The second context is to send a strategic signal. The latest attack happened during the very week in which the Assad regime, assisted by Russia and Iran, advanced toward regaining its control over southern Syria, and its return to the country’s southwest corner, its Golan Heights.
The fact that the bombing was carried out three days before Prime Minister Benjamin Netanyahu is due to meet with Russian President Vladimir Putin in Moscow sends a message. Israel (assuming it is indeed behind Sunday's attack) is determined to protect its interests and is not afraid of Russian reservations or an Iranian reaction.
In contrast to information leaked from Israel and to Russian insinuations in recent months, there is no new political arrangement in southern Syria. In practice, Israel has come to terms with the return of the Assad regime and insofar as is known, does not intend to intervene on behalf of the local rebel militias operating in the villages not far from the border with Israel's Golan Heights. Israel remains focused on its declared interest: expelling the Iranians and their militias from all Syrian territory – particularly in the south.
Moscow has hinted that it will act to keep the Iranians 80 kilometers away from the border, but the degree of its commitment to doing so remains unclear, even though both Russian officials and Syrian President Bashar Assad seem less keen on collaborating with Tehran than in the past. Evidence of that is the fact that Russia seems to be making peace with attacks that have been attributed to Israel against Iranian targets in Syria (there was yet another exchange of hostilities on May 10 – hours after Netanyahu returned from his last visit to Putin).
Israel's claim, which Netanyahu keeps repeating lately, is that it is not enough to draw an artificial line in the sand dozens of kilometers away from the border with Syria. Iran’s weapons have longer ranges than the distance Russia is prepared to take into consideration. Israel declares that as long as there is any Iranian presence in Syria, even indirect, it feels threatened. Netanyahu is thus presenting a far-reaching demand – and signaling that he means to try to enforce it, despite the not-insignificant risks involved.
In the background is Israel's ongoing failure to handle a similar threat, from Hezbollah, during a period of over 20 years.
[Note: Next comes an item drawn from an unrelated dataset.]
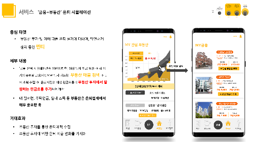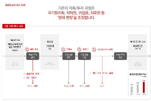 이를 위해 우리가 선택했던 방향은 '부동산 Self 설계' 서비스였다. 증권 및 펀드 투자에 대한 서비스들은 증권사와 금융사에 많이 배포가 되어 있고, 이들과의 차별성 및 경쟁우위를 가져가기는 어렵다고 생각했다.

Hezbollah’s arsenal of rockets and missiles has grown, encouraged and funded by Tehran, from hundreds at the end of the Israel Defense Forces' Grapes of Wrath campaign in 1996, to about 13,000 on the eve of the Second Lebanon War, a decade later, to more than 100,000 today.
In Jerusalem they still think that the new Iranian threat from Syria can be destroyed while it is still emerging.
On the other hand, there are assessments in Israel to the effect that, despite the developing domestic Iranian dialogue, the commander of the Iranian Revolutionary Guards’ Quds force, General Qassem Soleimani, is determined to continue the project of Iran’s military entrenchment in Syria. He sees Syria as a jumping-off place for fighting Israel over time. At the same time, Soleimani and his people are assisting Hezbollah in improving the efficacy of its arsenal of guided missiles and rockets in striking infrastructure targets in the Israeli home front.
Jerusalem describes the effort to thwart Iran and Hezbollah, supported by the Trump administration, as a national strategic interest. When Netanyahu returned from Moscow on May 10, Soleimani ordered his forces to fire rockets from Syria at IDF outposts in the Golan Heights. The attacks failed and some of the rockets were intercepted by the Iron Dome batteries. Israel responded by bombing additional Iranian targets.
For a second Soleimani seemed to be blinking, but now it’s become clear that Tehran is persisting. And that is the background to the Israeli intelligence assessment that's taking shape ahead of 2019: The probability of a pre-planned war against Israel seems very remote. On the other hand, the danger of an unanticipated deterioration of the situation, following exchanges of blows in the north, or in the Gaza Strip, is even higher than it has been in the last two years.